Pertanyaan: Pernikahan yang langgeng – apa kuncinya?
Jawaban:
Rasul Paulus mengatakan bahwa istri “terikat” kepada suaminya selama dia masih hidup. “Sebab seorang isteri terikat oleh hukum kepada suaminya selama suaminya itu hidup. Akan tetapi apabila suaminya itu mati, bebaslah ia dari hukum yang mengikatnya kepada suaminya itu” (Roma 7:2).
Prinsip yang bisa dipetik dari ayat ini terutama mengenai prinsip bahwa pasangan haruslah meninggal dunia sebelum ikatan pernikahan bisa dianggap berakhir. Ini adalah pandangan Allah, namun sering kali pandangan ini tidak sesuai dengan realita pernikahan pada zaman sekarang.
Dalam masyarakat modern, lebih dari 51% pernikahan berakhir dengan perceraian. Ini berarti lebih setengah dari pasangan yang mengucapkan janji “sampai kematian memisahkan kita” tidak bertahan sampai tahap itu.
Dengan demikian, pertanyaannya adalah, apa yang dapat dilakukan oleh pasangan yang menikah untuk mempertahankan pernikahan “sampai kematian memisahkan kita?”
Hal yang pertama dan paling utama adalah ketaatan seseorang kepada Allah dan FirmanNya. Ini adalah prinsip yang berkuasa dalam hidup laki-laki dan perempuan sebelum menikah dan sebelum mereka terikat. Allah berkata, “Berjalankah dua orang bersama-sama, jika mereka belum berjanji?” (Amos 3:3).
Untuk mereka yang sudah lahir kembali hal ini berarti tidak membangun hubungan yang dekat dengan orang-orang yang belum percaya. “Janganlah kamu merupakan pasangan yang tidak seimbang dengan orang-orang yang tak percaya. Sebab persamaan apakah terdapat antara kebenaran dan kedurhakaan? Atau bagaimanakah terang dapat bersatu dengan gelap?” (2 Korintus 6:14).
Jika prinsip yang satu ini diikuti, tidak akan ada banyak sakit hati dan penderitaan dalam pernikahan.
Prinsip lain yang dapat melindungi kelanggengan pernikahan adalah bahwa suami harus menaati Allah dan mencintai, menghormati dan melindungi isterinya sebagaimana dirinya sendiri (Efesus 5:25-31). Sebaliknya, istri harus menaati Allah dan tunduk kepada suaminya, “sebagaimana kepada Tuhan” (Efesus 5:22).

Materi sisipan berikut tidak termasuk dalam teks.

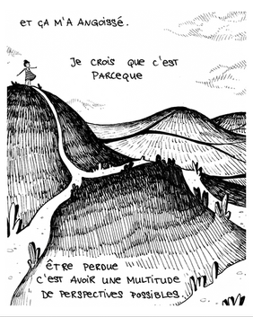 Plongée en apnée : récits en forme d’égo trip. Dans une volonté de simplicité, avec le projet «Diary», je balade mon petit alter égo dessiné. Expériences vécues, réflexions et questionnements. Entre quête identitaire, observations des rapports humains et recherche des angles morts, j’ai envie de parler des choses simples que l’on oublie de nommer. Je m’impose authenticité, honnêteté et rapidité avec des dessins simples, noir et blancs pour la plupart, un croquis rapide,
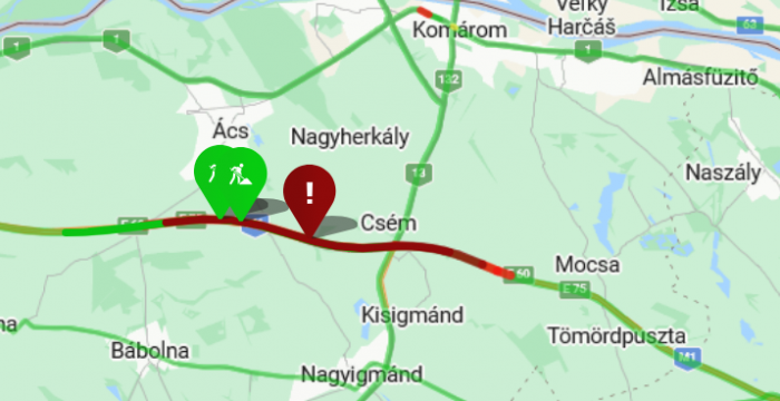 Komárom térségében aszfaltoznak, ami a jelek szerint egyre komolyabb kihívás a vasárnap délutáni forgalom számára. Az Útinform élő, online térképe szerint ugyanis több kilométeres torlódás alakult ki:

Pernikahan antara seorang laki-laki dan perempuan merupakan gambaran rohani dari hubungan antara Kristus dan gereja. Kristus memberi diri kepada Gereja dan dia mencintai, menghormati dan melindunginya sebagai “mempelai wanita”-Nya (Wahyu 19:7-9).
Ketika Allah membawa Hawa kepada Adam dalam pernikahan yang pertama, dia diciptakan dari “daging dan tulang” Adam (Kejadian 2:31) dan mereka menjadi “satu daging” (Kejadian 2:23-24). Inilah konsep yang hilang dari masyarakat modern.
Menjadi satu daging itu lebih dari sekedar bersatu secara fisik. Menjadi satu daging berarti bertemunya dan bersatunya pikiran dan hati. Hubungan ini jauh melampaui daya tarik seksual atau emosi dan masuk ke dalam “kesatuan” secara rohani yang hanya dapat diperoleh kalau kedua pihak berserah kepada Allah dan satu dengan yang lainnya.
Ini adalah hubungan yang bukan terdiri dari “saya” namun terdiri dari “kita.” Ini adalah salah satu rahasia dari pernikahan yang langgeng.
Mempertahankan pernikahan sampai kematian memisahkan adalah suatu hal yang harus menjadi prioritas dari kedua belah pihak. Meneguhkan hubungan vertikal kita dengan Allah akan memberi jaminan kokoh bahwa hubungan horizontal antara suami dan istri akan langgeng dan sekaligus memuliakan Tuhan.